* **Work order**: The whole listing should come back exactly as written, except for the pictures.

* **Given information**:
# # # # # # #

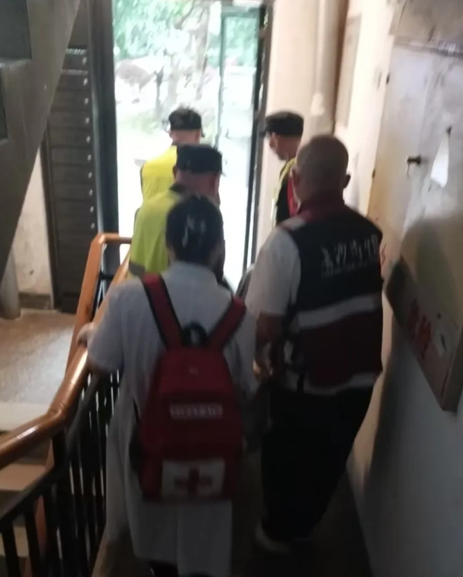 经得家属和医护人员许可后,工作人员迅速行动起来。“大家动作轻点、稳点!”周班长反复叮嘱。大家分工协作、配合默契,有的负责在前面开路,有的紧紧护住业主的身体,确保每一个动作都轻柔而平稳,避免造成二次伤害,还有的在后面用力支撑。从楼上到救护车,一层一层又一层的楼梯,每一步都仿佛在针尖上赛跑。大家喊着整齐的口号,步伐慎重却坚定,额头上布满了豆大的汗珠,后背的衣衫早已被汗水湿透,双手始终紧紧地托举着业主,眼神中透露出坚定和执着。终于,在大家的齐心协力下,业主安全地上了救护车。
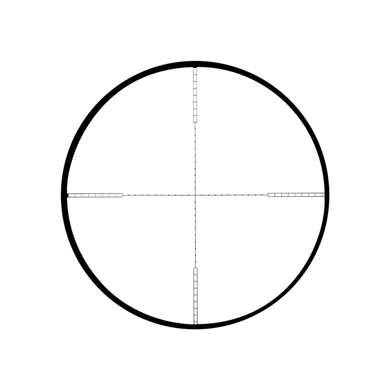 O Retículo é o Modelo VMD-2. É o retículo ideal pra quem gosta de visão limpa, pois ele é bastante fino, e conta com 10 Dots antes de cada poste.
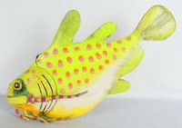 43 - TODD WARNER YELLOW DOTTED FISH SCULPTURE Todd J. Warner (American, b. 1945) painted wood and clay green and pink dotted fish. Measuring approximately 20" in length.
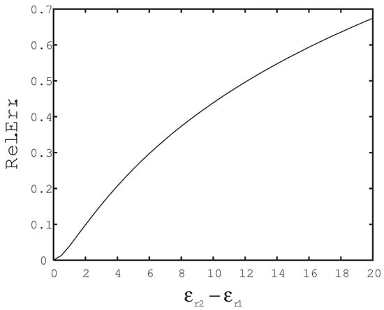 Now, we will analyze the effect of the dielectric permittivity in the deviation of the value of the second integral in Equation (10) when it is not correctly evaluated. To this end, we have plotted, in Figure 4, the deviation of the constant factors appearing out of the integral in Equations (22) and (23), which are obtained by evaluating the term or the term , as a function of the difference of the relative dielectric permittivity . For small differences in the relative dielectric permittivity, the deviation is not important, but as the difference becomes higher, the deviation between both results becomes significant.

# # # # # # #

* **Worked solution**:
 经得家属和医护人员许可后,工作人员迅速行动起来。“大家动作轻点、稳点!”周班长反复叮嘱。大家分工协作、配合默契,有的负责在前面开路,有的紧紧护住业主的身体,确保每一个动作都轻柔而平稳,避免造成二次伤害,还有的在后面用力支撑。从楼上到救护车,一层一层又一层的楼梯,每一步都仿佛在针尖上赛跑。大家喊着整齐的口号,步伐慎重却坚定,额头上布满了豆大的汗珠,后背的衣衫早已被汗水湿透,双手始终紧紧地托举着业主,眼神中透露出坚定和执着。终于,在大家的齐心协力下,业主安全地上了救护车。
 O Retículo é o Modelo VMD-2. É o retículo ideal pra quem gosta de visão limpa, pois ele é bastante fino, e conta com 10 Dots antes de cada poste.
 43 - TODD WARNER YELLOW DOTTED FISH SCULPTURE Todd J. Warner (American, b. 1945) painted wood and clay green and pink dotted fish. Measuring approximately 20" in length.
 Now, we will analyze the effect of the dielectric permittivity in the deviation of the value of the second integral in Equation (10) when it is not correctly evaluated. To this end, we have plotted, in Figure 4, the deviation of the constant factors appearing out of the integral in Equations (22) and (23), which are obtained by evaluating the term or the term , as a function of the difference of the relative dielectric permittivity . For small differences in the relative dielectric permittivity, the deviation is not important, but as the difference becomes higher, the deviation between both results becomes significant.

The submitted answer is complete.